WHAT THE TASK REQUIRES
Write out all the data verbatim. Skip images.

INPUT DATA
Content starts

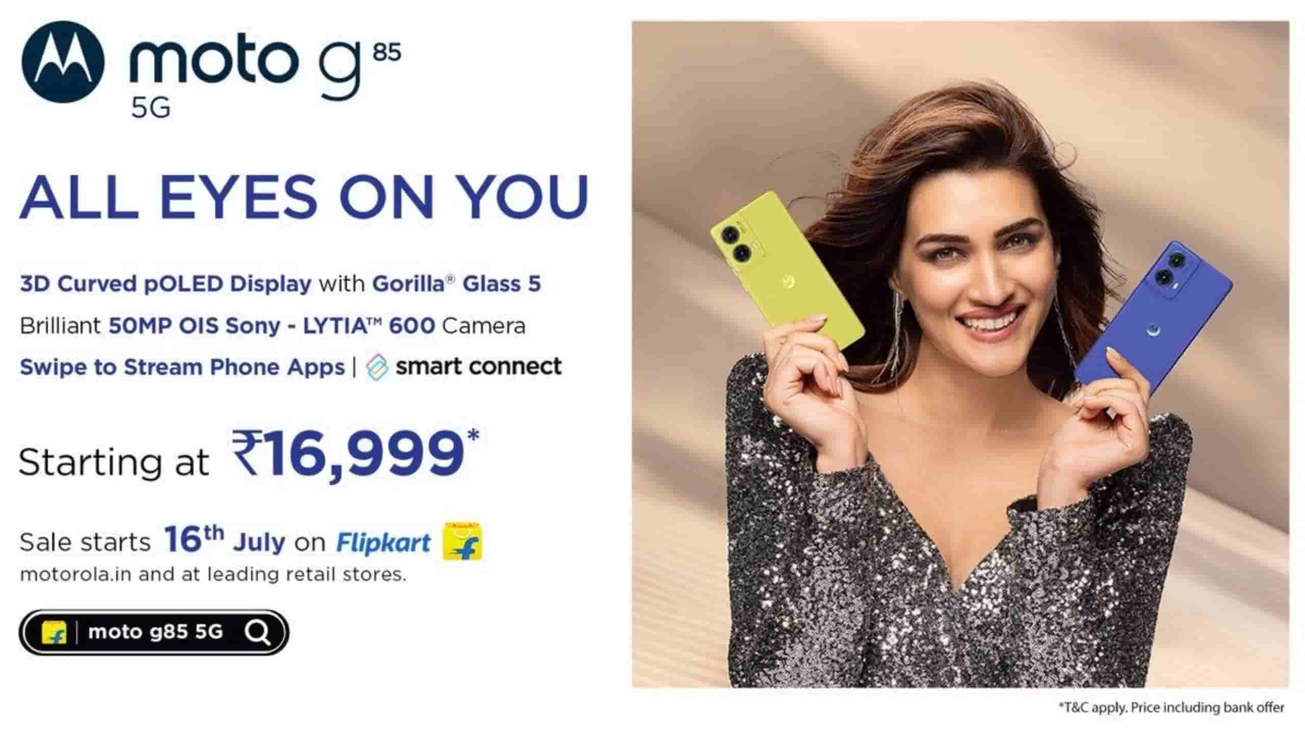 The Moto G85 5G smartphone has been priced at Rs. 17,999 for the 8GB RAM + 128GB storage variant. The top-end model with 12GB RAM + 256GB storage is priced at Rs. 19,999. The smartphone comes in Olive Green, Cobalt Blue, and Urban Gray colour options. It will go on sale from July 16 at 12pm IST and will be available on Flipkart, Motorola’s official site, and selected retail stores. Buyers will also get the chance to avail of the instant bank discount of Rs. 1,000 or an exchange bonus of Rs. 1,000 on the value of the old phone while purchasing the Moto G85 5G.
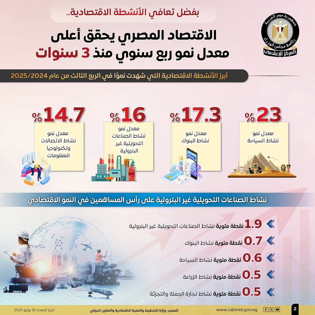 النمو المتحقق يعكس قدرة الاقتصاد المصري على التكيف مع التحديات واستعادة توازنه تدريجيًا رغم الأزمات العالمية وتأثيراتها على أسواق المال والطاقة.
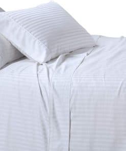 4. SÁBANA PLANA Y FUNDAS DE ALMOHADA: Nuestra suave sábana plana y las fundas de almohada están hechas con 4″ de dobladillo y ribete para un aspecto simple pero elegante.
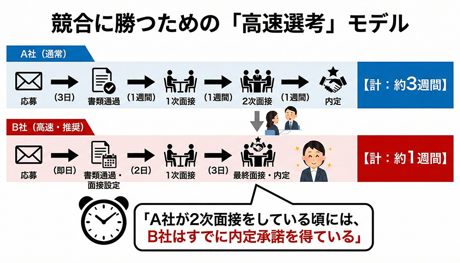 12月のギリギリのタイミングで採用活動を開始し、決して応募者は多くないもののスムーズに選考スケジュールを組むことで、年始からいい人に来てもらうことができた、という話はよく耳にするケースです。

Content ends

WRITTEN RESPONSE
 The Moto G85 5G smartphone has been priced at Rs. 17,999 for the 8GB RAM + 128GB storage variant. The top-end model with 12GB RAM + 256GB storage is priced at Rs. 19,999. The smartphone comes in Olive Green, Cobalt Blue, and Urban Gray colour options. It will go on sale from July 16 at 12pm IST and will be available on Flipkart, Motorola’s official site, and selected retail stores. Buyers will also get the chance to avail of the instant bank discount of Rs. 1,000 or an exchange bonus of Rs. 1,000 on the value of the old phone while purchasing the Moto G85 5G.
 النمو المتحقق يعكس قدرة الاقتصاد المصري على التكيف مع التحديات واستعادة توازنه تدريجيًا رغم الأزمات العالمية وتأثيراتها على أسواق المال والطاقة.
 4. SÁBANA PLANA Y FUNDAS DE ALMOHADA: Nuestra suave sábana plana y las fundas de almohada están hechas con 4″ de dobladillo y ribete para un aspecto simple pero elegante.
 12月のギリギリのタイミングで採用活動を開始し、決して応募者は多くないもののスムーズに選考スケジュールを組むことで、年始からいい人に来てもらうことができた、という話はよく耳にするケースです。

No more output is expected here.